- Born: June 5, 1939 Los Angeles, California, U.S.
- Died: June 7, 2002 (aged 63) Washington, D.C., U.S.
- Education: Johns Hopkins University
- Spouses: Rollyn Simon Wyatt; Kay Redfield Jamison;
- Children: 3
- Scientific career
- Fields: Psychiatry
- Workplaces: National Institute of Mental Health

= Richard Jed Wyatt =

American psychiatrist and schizophrenia researcher

Richard Jed Wyatt (June 5, 1939 – 7 June 2002) was an American psychiatrist and schizophrenia researcher.

==Career and Research==
Wyatt was born in Los Angeles and graduated from Johns Hopkins University Medical School and joined the National Institutes of Health (NIH) in 1967, where he established a schizophrenia research program. In 1972 he became chief of the neuropsychiatry branch at the NIH. He was one of the early pioneers who studied the biological basis of schizophrenia in the lab. His research led to the first evidence that monoamine oxidase inhibitors (MAOIs) suppressed REM sleep and could treat narcolepsy.

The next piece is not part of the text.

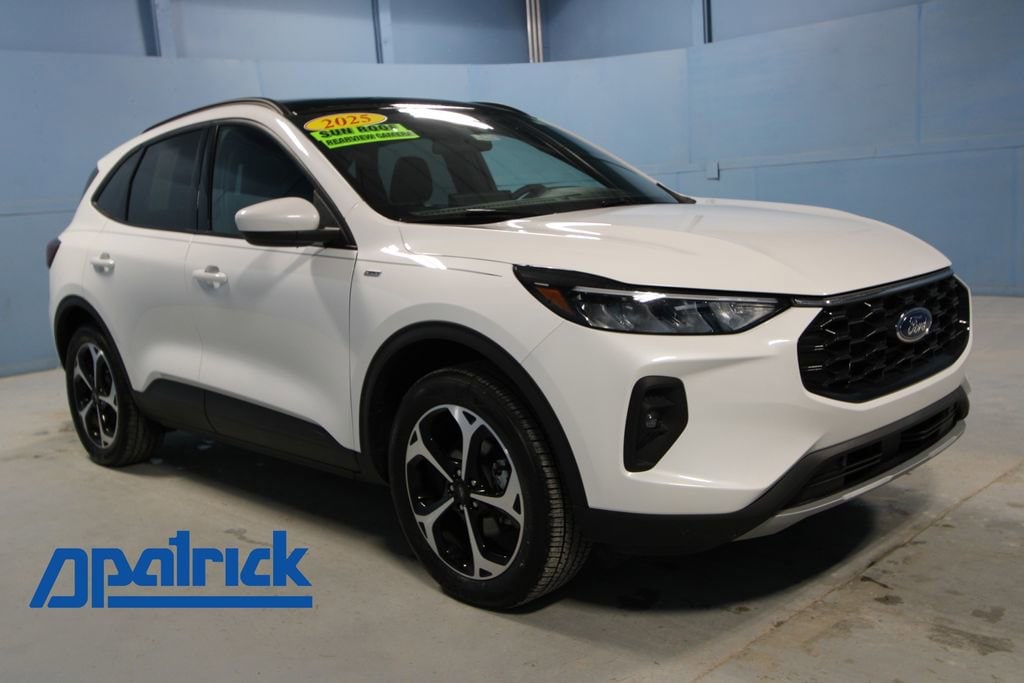 2025 Ford Escape ST-Line Select Recent Arrival! We want you to shop confidently for your next used car at The BIG Ford Store, D-Patrick Ford. We are located on Highway 41 and Walnut in Evansville, right next to the Lloyd Expressway. Buy this used vehicle 100% online or in-store. This pre-owned vehicle was put through an extensive inspection before hitting our lot. Because of this, we are able to offer a 3-month/3,000-mile comprehensive limited warranty. You also get our Love It or Return It 5-day, 300-mile Exchange Policy. See our website for more details on both. We also offer extended service plans, vehicle protection plans, and offer a free to you CarFax vehicle history report. *Prices listed do not include a $250 documentation fee, applicable tax, title, tags, license, or $195 service and preparation. All pricing, vehicle information, and features (such as accessories and color) are believed to be accurate, but we do not warrant or guarantee such accuracy. The prices shown above may vary from region to region, and incentives are subject to change. Some offers listed may not be available to all customers. All online sale commitments are subject to confirmation of continued availability of vehicle. Once availability is confirmed, online sale agreement becomes binding upon the parties. If any information found on the website is thought to be erroneous, please verify information with a customer service representative. See dealer for full details. Looking to sell your current vehicle? We buy cars for cash. Every test drive at D-Patrick Ford in Evansville earns $10 to a local charity. Schedule your test drive today! AWD, 2.91 Axle Ratio, 4-Wheel Disc Brakes, 6 Speakers, ABS brakes, Adaptive Cruise Control w/Stop-and-Go, Air Conditioning, Alloy wheels, AM/FM radio: SiriusXM, AM/FM Stereo, Auto High-beam Headlights, Automatic temperature control, Black Roof-Rack Side Rails, Brake assist, Bumpers: body-color, Compass, Connected Navigation, Delay-off headlights, Driver door bin, Driver vanity mirror, Dual front impact airbags, Dual front side impact airbags, Electronic Fuel Door Release, Electronic Stability Control, Emergency communication system: SYNC 4 911 Assist, Equipment Group 401A, Ford Co-Pilot360 Assist+, FordPass Connect, Four wheel independent suspension, Front anti-roll bar, Front Bucket Seats, Front Center Armrest, Front dual zone A/C, Front fog lights, Front reading lights, Fully automatic headlights, Heated door mirrors, Heated front seats, Heated steering wheel, Heated Vinyl/Cloth Front Sport Contour Bucket Seats, Illuminated entry, Internet access capable: FordPass Connect 4G, Intersection Assist, Knee airbag, Low tire pressure warning, Neutral Towing Capability, Occupant sensing airbag, Outside temperature display, Overhead airbag, Overhead console, Panic alarm, Panoramic Vista Roof, Passenger door bin, Passenger vanity mirror, Pedestrian Alert Sounder, Power door mirrors, Power driver seat, Power Liftgate, Power steering, Power windows, Predictive Speed Assist, Radio data system, Rear anti-roll bar, Rear Parking Sensor, Rear reading lights, Rear seat center armrest, Rear window defroster, Rear window wiper, Rear-View Camera, Remote keyless entry, Speed control, Speed-sensing steering, Speed-Sensitive Wipers, Split folding rear seat, Spoiler, Sport steering wheel, Steering wheel mounted audio controls, SYNC 4, SYNC 4 w/Enhanced Voice Recognition, Tachometer, Tech Pack #1, Telescoping steering wheel, Tilt steering wheel, Traction control, Trip computer, Variably intermittent wipers, Wheels: 18 Rock Metallic Painted Aluminum, Wheels: 19 Machined-Face Ebony-Painted Aluminum, AWD. CARFAX One-Owner. 4D Sport Utility ST-Line Select 8-Speed Automatic EcoBoost 2.0L I4 GTDi DOHC Turbocharged VCT AWD White Metallic CALL TODAY (812) 625-4823 OR SHOP ONLINE AT WWW.DPATRICKFORD.COM.

He was a writer, educator and teacher, having authored over 800 research articles and 6 books and He has trained many neuroscientists. The Richard J. Wyatt Award from the International Early Intervention and Prevention in Mental Health Association is named after him in recognition of his work on early interventions in schizophrenia.

He was married to Rollyn Simon Wyatt and later to clinical psychologist and author Kay Redfield Jamison. He had three children. With Jamison he co-produced several films about manic depressive illness. Wyatt died of lung cancer on 7 June 2002 at the age of 63 in Washington, D.C. Jamison authored a 2009 book, Nothing Was the Same: A Memoir, recounting her relationship with Wyatt and the process of grieving after his death.